In real world, data encryption is a serious business.
Some strong advise:

1. Stay with well-established algorithms and procedures.
   They have proven track record of security.

2. Do not try to roll your own encryption procedure unless you know exactly what you are doing.
   For sure, this is not something that a novice should do,
   because we can easily weaken encryption to the point that it can easily be broken.
   Remember that hackers have long arms and can figure things out even when we think we are secure enough.

3. Make sure that you are using up-to-date crypto tools and algorithms.
   Avoid using an algorithm or tool that is already known to have weaknesses.
   For example: Avoid using obsolete encryption scheme (such as 3DES), because they can easily be cracked.
   Another example: `PyCryptodome` is an up-to-date fork of the original crypto library called `PyCrypto`.
   The former is still being actively updated, whereas its parent has not been updated for six years (as of year 2020).

In Python, there is another highly respected crypto library named [cryptography](https://pypi.org/project/cryptography/).
Do look into that project as well to meet your need of data protection.

### 4.1 AES in Real World

Earlier we said that ECB is not the correct way to use AES in real-world applications, because it makes it easy for attackers to at least "see" the long-range structure of the encrypted data.
ECB is the "plain vanilla" AES without additional measures to safeguard the data against tampering or learning.
The advanced block cipher modes such as EAX, GCM, CCM, OCB augment the "vanilla" AES with authentication and block-chaining techniques.
We will demonstrate *EAX* below; for the rest, please read the recommended readings below.

In [None]:
EAX = AES.new(secret_bkey, AES.MODE_EAX)

In [None]:
EAX_nonce = EAX.nonce;
print("EAX.nonce = ", EAX_nonce)

Note: *Nonce* is a random number that is used only once in the encryption process.
A new EAX context will use a different nonce.

In [None]:
crypt_EAX = EAX.encrypt(leftpad16(b'The master key (a secret) must be less than 128 bits (16 bytes)'))
crypt_EAX

In [None]:
# Decryptor class
# (will need a separate class because the EAX method is not stateless)
DD_EAX = AES.new(secret_bkey, AES.MODE_EAX, nonce = EAX_nonce)

In [None]:
DD_EAX.decrypt(crypt_EAX)

**EXERCISE**:
Repeat the encrytion and decryption procedures above severial times.
Do you notice any difference compared to the previous ones?

In [None]:
EE_EAX2 = AES.new(secret_bkey, AES.MODE_EAX)

In [None]:
print("EE_EAX2.nonce = ", EE_EAX2.nonce)

In [None]:
crypt_EAX2 = EE_EAX2.encrypt(leftpad16(b'The master key (a secret) must be less than 128 bits (16 bytes)'))
crypt_EAX2

In [None]:
DD_EAX2 = AES.new(secret_bkey, AES.MODE_EAX, nonce=EE_EAX2.nonce)
DD_EAX2.decrypt(crypt_EAX2)

**IMPORTANT:** The EAX encryption always differs every time because it draws different `nonce`:

### 4.2 Recommended Readings

These are good references for people who want to practice encryption in real world.
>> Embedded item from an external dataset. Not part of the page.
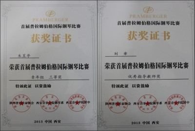 近日,由陕西省音乐家协会、西安音乐学院钢琴系主的“2013首届普拉姆伯格国际钢琴比赛”在西安落幕,共有来自全国各地600余名学生参加了比赛。经过激烈角逐,艺术系朱昱亭同学凭借过硬的专业素质和出色的发挥,获得青年组三等奖的优异成绩,艺术系教师刘章荣获优秀指导教师奖。这是球王会钢琴专业首次在国际性比赛中获奖,为学校赢得了良好的社会声誉。

* https://pycryptodome.readthedocs.io/en/latest/src/examples.html#encrypt-data-with-aes \
An example good practice to encrypt and decrypt data with AES.
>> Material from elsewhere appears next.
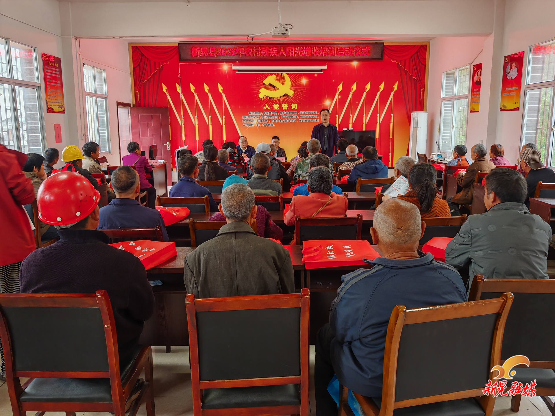 新晃融媒4月9日讯(记者:舒昊)4月8日,县残联到鱼市镇开展2026年“农村残疾人阳光增收计划”,为100户困难残疾人家庭免费发放猪仔、羊仔、饲料、肥料等价值25万元的生产物资。

* https://en.wikipedia.org/wiki/Block_cipher_mode_of_operation \
Some explanation of different block cipher modes, including schematic explanation of these modes.
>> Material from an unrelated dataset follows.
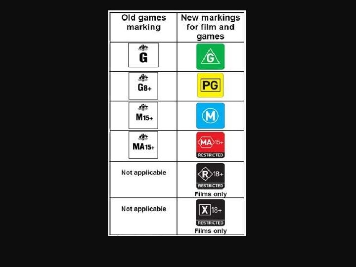 Media Guidelines As a result, there has been a push to restrict videogame sales nationally. Australia however is an interesting case as restriction laws are quite lax. Did you know that there are no R 18+ rating systems within Australia for videogames as it only applies to movies. This means that games are allowed if they are edited to conform to an MA 15+ standard or they are refused classification [RC] (1)

* https://blog.cryptographyengineering.com/2012/05/19/how-to-choose-authenticated-encryption/ \
Reasons to use authentication authentication encryption.

<a id="sec-Cracking"></a>
## 5. 3ncrypt1on K3y Cr4cking !!

Now comes the exciting part!
Let's play hacker and crack a given ciphertext.
How do we crack an encrypted message if we don't know anything about the key?
The only sure way to recover the message is to try all the possible values of the key, decrypt the message, then figure if the decrypted message makes sense.

For a fully unknown 128-bit key, we wil have to try $2^{128}$ combinations (over $3 \times 10^{38}$).
That is truly daunting!

In [None]:
# total combination of 128-bit key

"%g" % (2**128)

### How Difficult Is This Problem?

**QUESTION:**
Suppose a high-speed cracker can try thru all combinations of a 24-bit key in 5 minutes.
Then how many hours are required to crack an AES-128 key with N unknown bits?

* 32-bits = 256 &times; 5 minutes = 21 hours
* 48-bits = 65536 & times; 21 hours = 1.38 million hours = over 57,000 days!!

*Always do a back-of-envelope calculation like this before you launch something computationally expensive!*
You get the point... a full 128-bit key cracking is clearly out of reach even for today's mega-supercomputers.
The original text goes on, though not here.